Anonymous ID: 9d1942 June 20, 2023, 6:37 a.m. No.19037773   🗄️.is 🔗kun   >>7784 >>7965 >>8074

https://www.msn.com/en-us/news/us/hunter-biden-reaches-deal-to-plead-guilty-in-tax-gun-case/ar-AA1cNre5?ocid

 

President Biden’s son Hunter has reached a tentative agreement with federal prosecutors to plead guilty to two minor tax crimes and admit to the facts of a gun charge under terms that would likely keep him out of jail, according to court papers filed Tuesday.

 

Any proposed plea deal would have to be approved by a federal judge, and it was not immediately clear what day Hunter Biden, 53, might appear in court to enter his guilty plea.

 

The agreement caps an investigation that was opened in 2018 during the Trump administration, and has generated intense interest and criticism since 2020 from Republican politicians who accused the Biden administration of reluctance to pursue the case.

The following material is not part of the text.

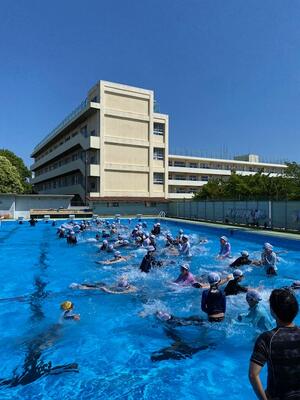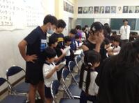 今年は体育館のエアコン工事のため、どの学年も教室で半紙を使った書初め練習に取り組んでいます。今日は市川南高等学校、書道部の顧問の先生と生徒さん11名が、3年生の書初め練習の支援に来てくださいました。
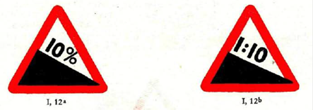 1. Das Zeichen [Signal] „GEFÄHRLICHES GEFÄLLE" (I, 12) wird verwendet, wenn die zuständigen Behörden es für notwendig erachten, vor einem gefährlichen Gefälle zu warnen, sofern die Neigung zehn Prozent übersteigt oder wegen der örtlichen Verhältnisse eine Gefahr darstellt.

The terms of the proposed deal — negotiated with Delaware U.S. Attorney David Weiss, a holdover from President Donald Trump’s administration — are likely to face similar scrutiny.

 

The court papers indicate the younger Biden has tentatively agreed to plead guilty to two misdemeanor tax charges of failure to pay in 2017 and 2018. The combined tax liability is roughly $1.2 million over those years, according to people familiar with the matter who spoke on condition of anonymity to describe details of the agreement that are not yet public. Prosecutors plan to recommend a sentence of probation for those counts, these people said. Biden’s representatives have said he previously paid back the IRS what he owed.

 

Additionally, Biden plans to admit to illegally possessing a weapon following his 2018 purchase of a handgun. As part of that admission, he expects to be entered in a diversion program, a less punitive form of sentence typically applied to people with substance abuse problems. In all, prosecutors would recommend two years of probation and diversion conditions. If Biden successfully meets the conditions of the diversion program, the gun charge would be removed from his record at the end of that period, the people said.

 

The gun purchase that led to the criminal charge happened in late 2018, at a time when, by his own telling in his autobiography, Hunter Biden was regularly abusing crack cocaine. When he filled out paperwork to buy the gun, however, he denied using drugs or having a drug problem, exposing him to a potential charge of making a false statement on the document, as well as illegal gun possession once he acquired the weapon. Biden owned the gun for less than two weeks, because his then-girlfriend threw it away, according to public accounts of that time period.

 

Hunter Biden’s proposed plea deal will likely become grist for the 2024 presidential race, as the nation’s two main parties once again debate the influence of politics on law enforcement, and the effects of law-enforcement investigations on political campaigns.

 

Biden’s defenders have argued that Hunter Biden is a recovering addict accused of relatively minor offenses — the type of case that would not typically be prosecuted by federal authorities, barring some additional aggravating factors that are not present in this case. They suggest the investigation would have been dropped long ago if he wasn’t the president’s son.

 

Republicans seeking to win back the White House have sought to tie Hunter Biden’s legal woes directly to his father, claiming the extent of wrongdoing in the Biden family goes far beyond a simple tax and gun case, and that the Justice Department is trying to avoid prosecuting more serious matters. Attorney General Merrick Garland has said he gave full authority over the investigation to Weiss, a Trump appointee, and would not interfere in any charging decision.

 

Trump, who is the early front-runner for the 2024 Republican nomination for president, frequently tries to contrast the Justice Department’s treatment of Hunter Biden with his own legal jeopardy involving the discovery that hundreds of classified documents were kept at his Mar-a-Lago home and private club. Trump was indicted earlier this month on 37 federal charges of withholding highly sensitive national security information and trying to prevent the federal government from regaining possession of that material. He has denied wrongdoing.